In his submissions dated 29 April 2021, the applicant said that the named Commandant was unable to locate evidence to support the statement. He said that he exercised his legal right to submit a complaint and that the comment he wishes to be amended would have had a negative impact on promotion opportunities. The applicant also provided a number of documents which detail the workplace relations issues he has allegedly suffered in the past few years.
Having carefully considered the applicant’s submission and supporting documentation, I find that he has not provided additional information in support of the application for amendment. As indicated above, an applicant’s assertions alone will not form sufficient evidence to warrant an amendment, in the absence of supporting evidence.
In the circumstances, I find that the applicant has not shown, on the balance of probabilities, that the information contained in the records at issue is incomplete, incorrect or misleading. Accordingly, I find that the Defence Forces was justified in refusing to amend the record in question.
For the benefit of the applicant, I would add that where an application for amendment of a record is refused the public body must attach to the record concerned the application for amendment or a copy of it or, if that is not practicable, a notation indicating that the application has been made (unless the body considers that the contents of the application are defamatory, or the alterations or additions to the record concerned to which the application relates would be unnecessarily voluminous).

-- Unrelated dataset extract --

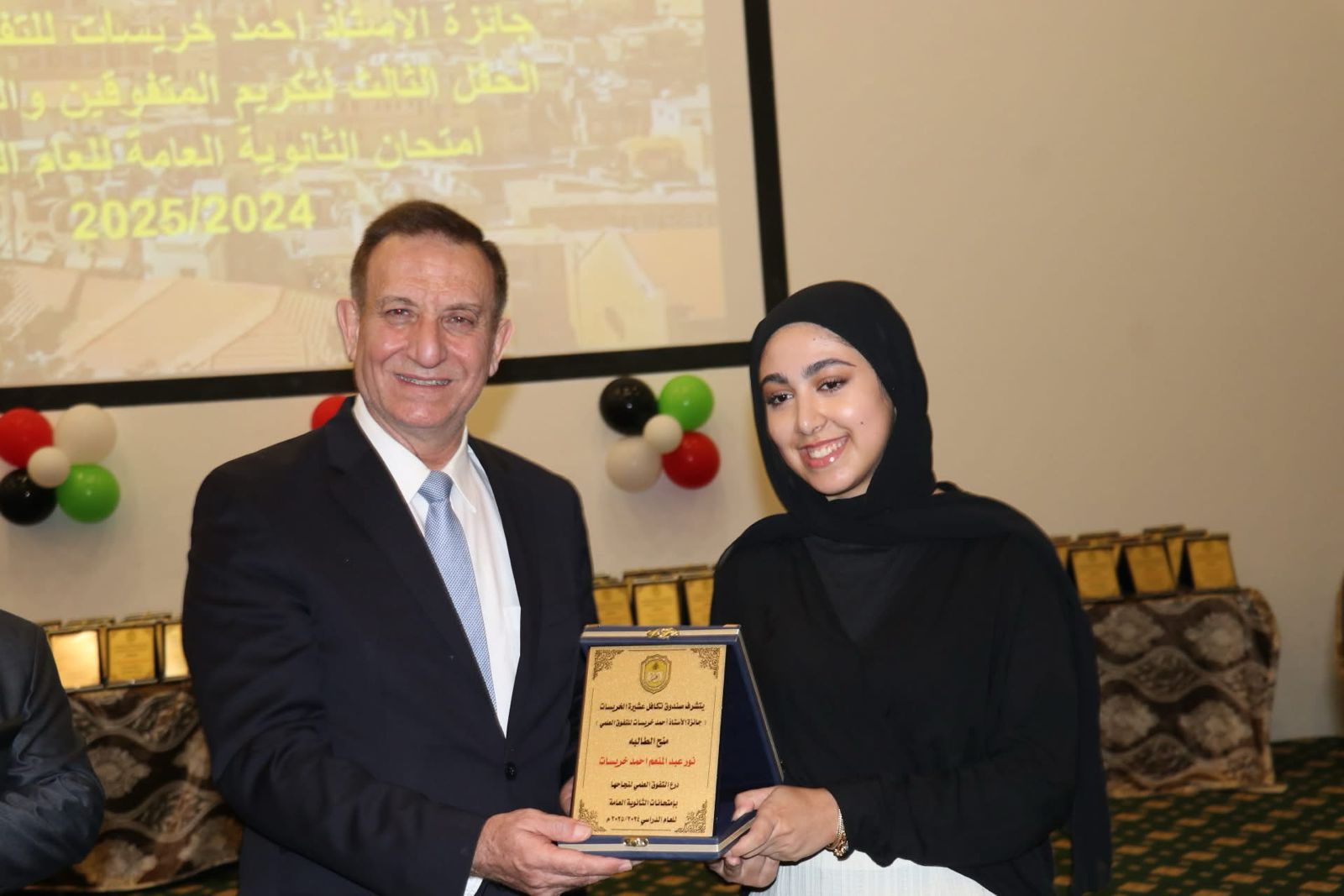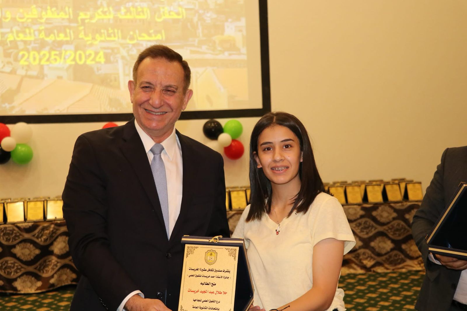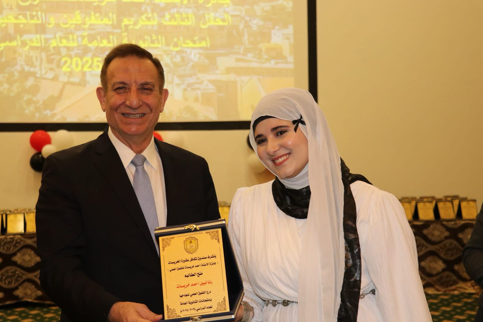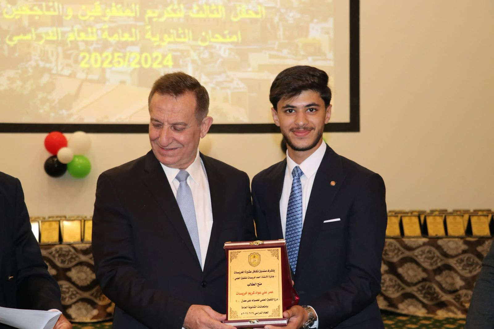 وألقى الطالب يوسف عبد الحميد خريسات، الحاصل على معدل 98.25 من منطقة تبنة، كلمة باسم زملائه المكرمين عبّر فيها عن امتنانه لهذا التكريم، مؤكداً أن هذا الدعم يشكل دافعاً لمواصلة مسيرة التفوق وخدمة الوطن.

This requirement is, in itself, quite significant as it alerts all future readers of the record that aspects of its contents are disputed by the applicant. The Defence Forces confirmed to this Office that the application for amendment of records has been added to the applicant’s personnel file where the performance appraisal is stored.
Having carried out a review under section 22(2) of the FOI Act, I hereby affirm the Defence Force’s decision to refuse the application made under section 9 of the Act for the amendment of the applicant’s 2017 performance appraisal on the ground that the applicant has not shown that the information that is the subject of the application is, on the balance of probabilities, incomplete, incorrect or misleading.
Section 24 of the FOI Act sets out detailed provisions for an appeal to the High Court by a party to a review, or any other person affected by the decision. In summary, such an appeal, normally on a point of law, must be initiated not later than four weeks after notice of the decision was given to the person bringing the appeal.